En parte por el desarrollo tecnológico que permite que cualquier persona tenga al alcance de un click reseñas y analisis de todo el mundo sobre tal o cual filme, las nuevas generaciones de críticos en México deben proponer una relación horizontal entre el crítico y el lector, un trato de iguales donde aquel que por su labor profesional ha acumulado mayor conocimientos y referencias cinematográficas se compromete y gusta de compartir esos elementos para que el cinéfilo no dedicado a esto pueda disfrutar de mejor manera la experiencia de ir al cine y de observar y analizar una película. No hay sensei y pequeño saltamontes. Simplemente dos apasionados de lo mismo, uno de ellos, con la labor de iniciar la reflexión o discusión de una película, desde las lineas de un diario, de una revista, las imágenes de un programa televisivo o los pixeles de una página de internet.

Para ejemplificar la diversidad de “críticas de cine” que hay en México, sirve mencionar algunas rarezas de nuestro medio. Gran parte de los que se llaman a si mismos críticos de cine no leen a otros críticos, de hecho, no saben ubicar cuáles son los diversos medios que ofrecen un contenido en materia de cine que sea de verdadera importancia y de valor cultural. Así pues, para el crítico, el fin de semana no significa descansar en casa o no hacer nada, es sólo otra clara oportunidad para ir un poco más al cine o ver en televisión algunas nuevas o viejas cintas.
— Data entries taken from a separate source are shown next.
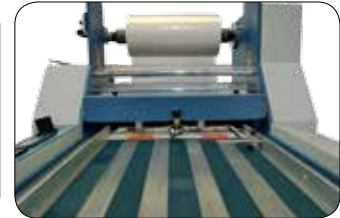
52cm width manual feeding with automatic overlapping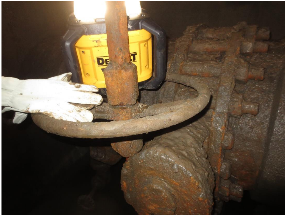
Valve Pit 138 – Flanged Butterfly Valve (1)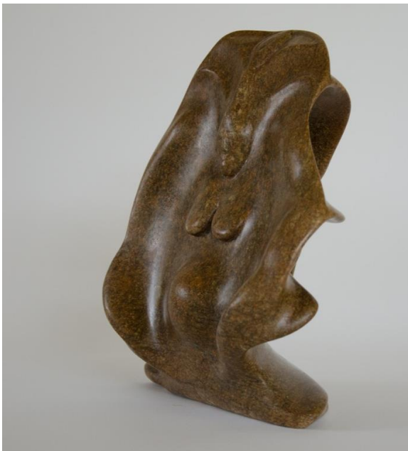
The Magic of Fertility

32cm x 14cm x 21cm, Chinese Soapstone, price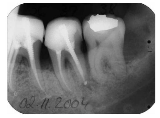
Fig.1 Radiographic image of the regio 38. Note the diffuse radiotransparent contour on the distal aspect of 38.

The 42-year old man, moderate smoker, suffering of chronic generalized severe periodontitis was first seen in a private periodontal practice. The radiologic examination revealed both on panoramic as on retroalveolar incidence a semicircular radiotransparent image, with relatively diffuse borders, located distally to the tooth 38 in anterior aspect of the ascending ramus of the mandible (Fig.1). Despite the relative lack of periodontal support for the distal root on its distal aspect (PPD = 10), the tooth 38 showed moderate mobility. The patient underwent initial therapy according to the One Stage Full Mouth Disinfection concept (Quirynen, 1995). Root canal treatments were performed using the rotary system ProTaper® and the root canal filling system Thermafill® from Dentsply-Maillefer, and the coronal parts of the teeth were rebuilt using intracanalar screws and core-composite materials. The patient was reevaluated four weeks later and persistent periodontal pockets of more than 5 mm were found in all sextants. Periodontal surgery aiming to reduce the pockets was decided on the upper arch and on both mandibular quadrants. As the intriguing semicircular radiotransparent image persisted, the patient was referred to the Department of Periodontology of the Faculty of Dental Medicine of the Victor Babes University of Medicine and Pharmacy of Timisoara, where the periodontal surgery for the left lower quadrant was scheduled.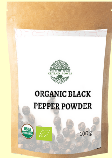
Resealable Triple Layer Kraft Paper Stand Up Pouch 100g (3.5 Oz), 454G (1LB), 500g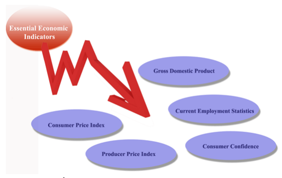
Figure 1. small business economics

A small scale business based on capital and labour used in that business. On the basis of these attributes the business is divided in small, medium and large scale business [1]. In small business there are sole proprietorships, privately owned corporations and small number of partner [2]. Small business have less number of employees, members and less annual revenue that a large or medium size business [3]. Small business support on a small level to the government.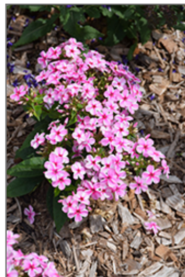
Early Pink Candy Garden Phlox flowers

Como dice Carlos Bonfil, uno de los más importantes críticos en México “hay críticas de festival, de cocktail, de premieres, de farándula, pero muy poca de esta crítica es comprometida con el lector”. Las más de las veces, la crítica se mece en dos polos opuestos que en nada ayudan al espectador. O se trata de reseñas más preocupadas por quedar bien con los directores, productores y/o distribuidores que con el público o se trata de no añadir nada nuevo y solo decir si una película le gustó o no al crítico en cuestión (el 90% de las veces, nada les gusta y de ahí la imagen de que el crítico es un viejo enojón, caduco y arcaico a quien el tiempo y el cine ya han rebasado, sumado a que salvo algunas contadas excepciones, un crítico digno de este título, no tiene menos de 40 o 50 años).

Así (sobre)vive la crítica en México. Un oficio en dificultades, que perdura por la labor de unos pocos, entusiasmados y comprometidos a continuar una parte tan importante de la industria cinematográfica. Los herederos de la crítica de Cahiers du Cinema, los alumnos a distancia de Bordwell y voraces consumidores de post-teorías fílmicas en México seguirán con su batalla por lograr que un día, el oficio de la crítica tenga el reconocimiento y espacio que hay en los países desarrollados culturalmente, es un largo camino, pero bien vale la pena andarlo. Mientras tanto, vayamos al cine.